Pub Date: Aug. 21st, 2007
ISBN: 978-0-7432-4712-2
Publisher: Simon & Schuster

A New York Times reporter considers the case (and the significance) of a unique sign language that has emerged among the many congenitally deaf denizens of an isolated Bedouin village in northern Israel.

Fox struggled to convince an international team of linguists to allow her even limited access to their research site. (Accordingly, the author has altered many identifying details.) She agreed to numerous limitations on her reporting (she could not, for example, interact with the residents in anything but a casual, polite way), and she was on site for only a short time.
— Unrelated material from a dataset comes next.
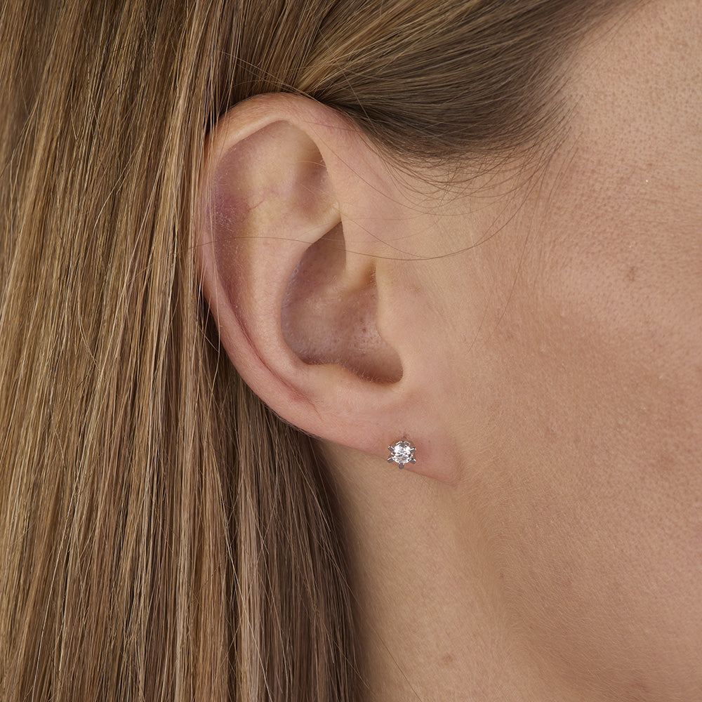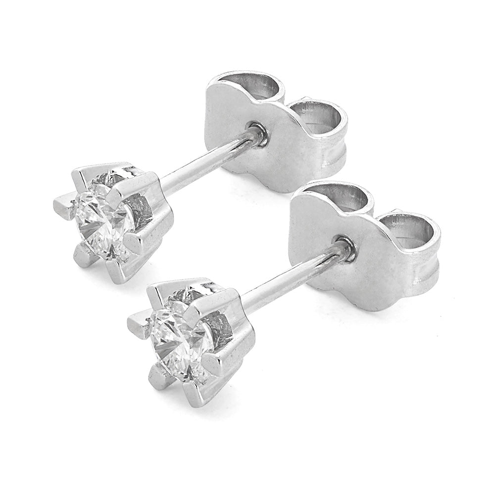 Orecchino punto luce 6 griffe quadre in oro e diamanti Ct. 0,29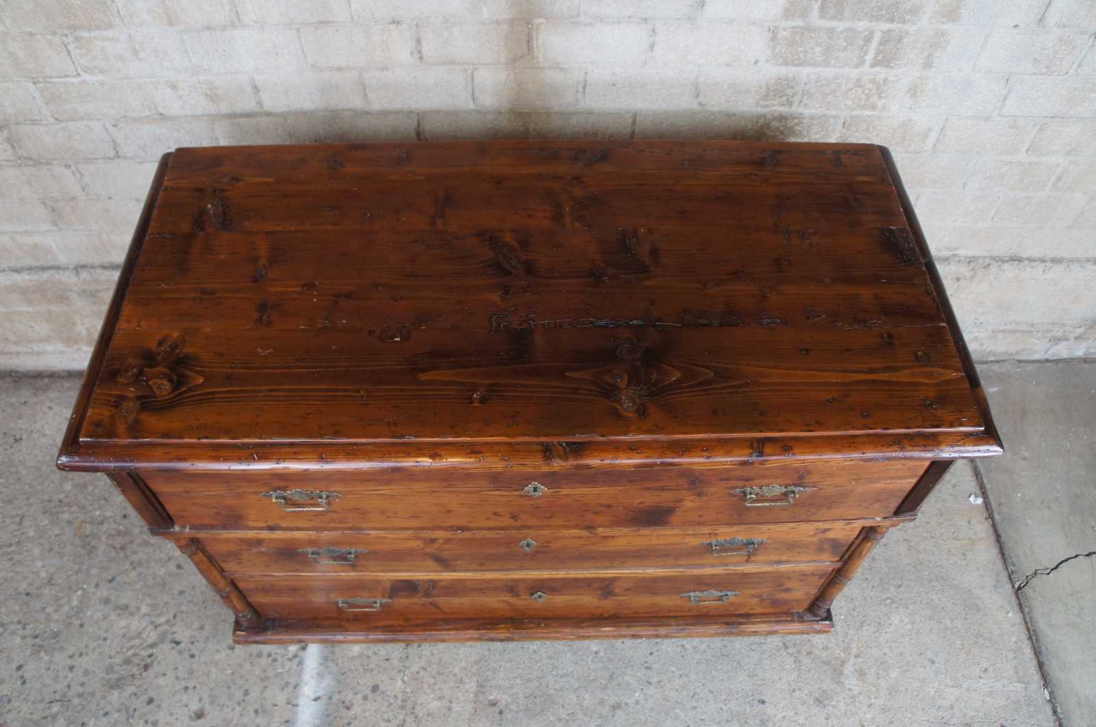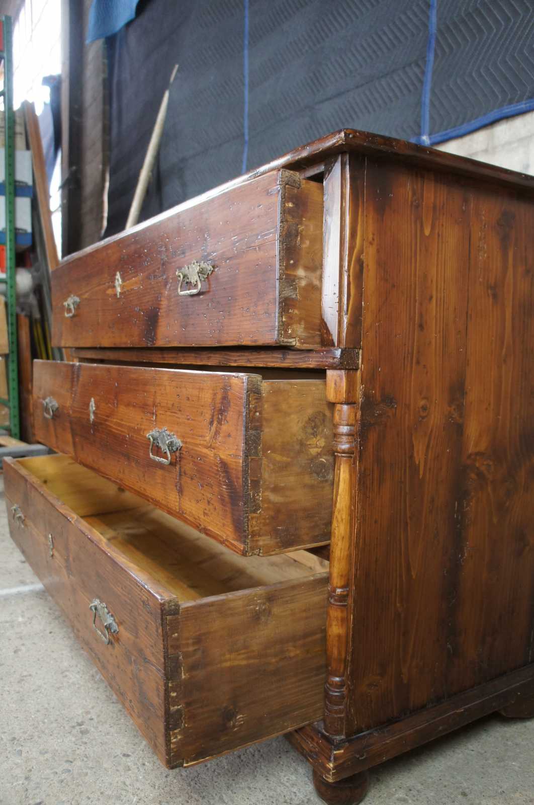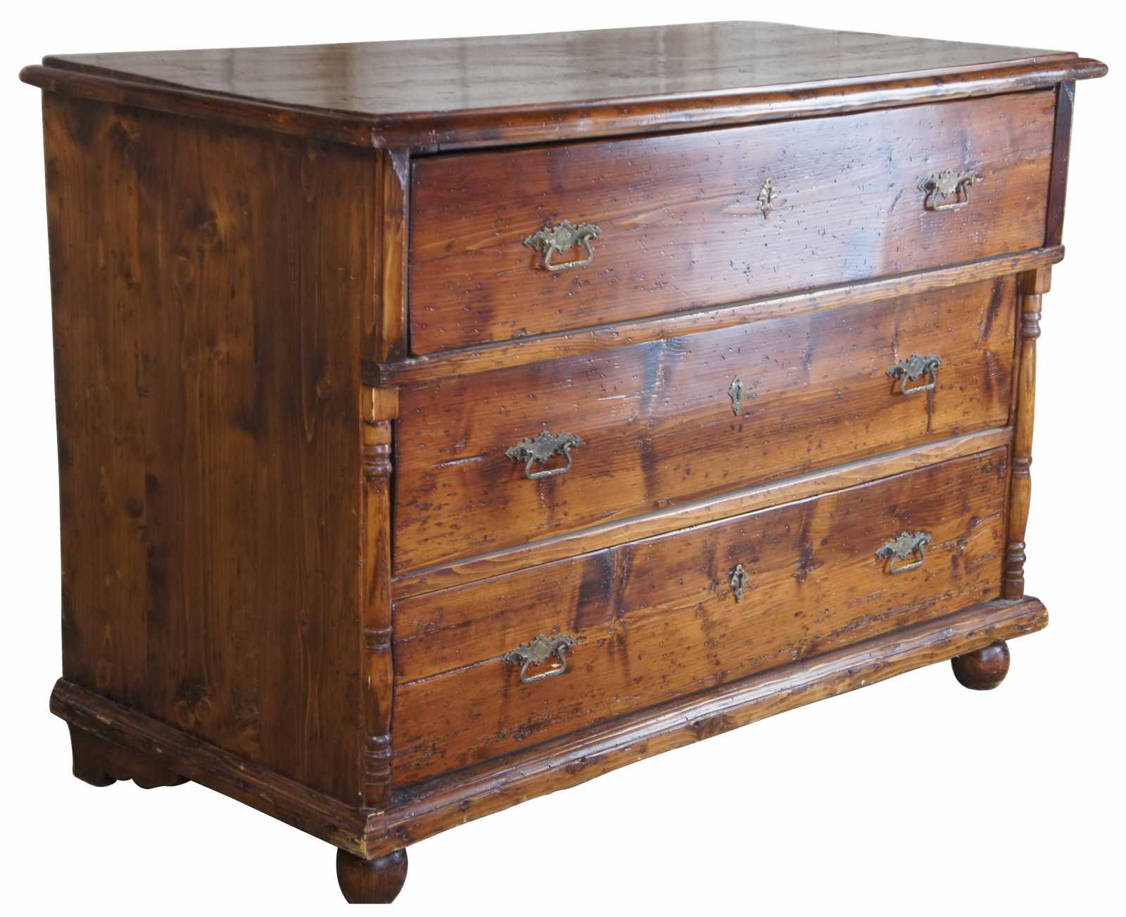 Early 20th century pine chest or dresser. Made of pine, featuring three drawers and half turned baluster mounts over bune feet. Naturally distressed with brass hardware

But she interviewed the principal researchers on numerous occasions, visited them at conferences and spent years studying the acquisition and development of languages—signed and spoken. (Her long list of scholarly references and her many pages of endnotes testify silently to her assiduity.) The chapters alternate between leisurely, amiable narratives of her visits to the village (where the researchers present slide shows featuring objects and actions and ask the villagers to sign appropriately) and long discursive (and often dense) discussions of the relevant history and scholarship. This approach sometimes gives her text a schizophrenic character. Fox has an appealing voice, and she is best when discussing issues of the most immediate relevance to the village. She describes the people, samples the food, notes the architecture, the customs, the oddities (T-shirts bearing contemporary Western messages). In more academic-minded sections, she discusses the differences between spoken and spatial grammar, revealing a complexity in the latter that will surprise many readers, and summarizes the recent research exploring the differing areas of the brain devoted to spoken and signed language.

A smooth narrative sometimes slowed by academic writing.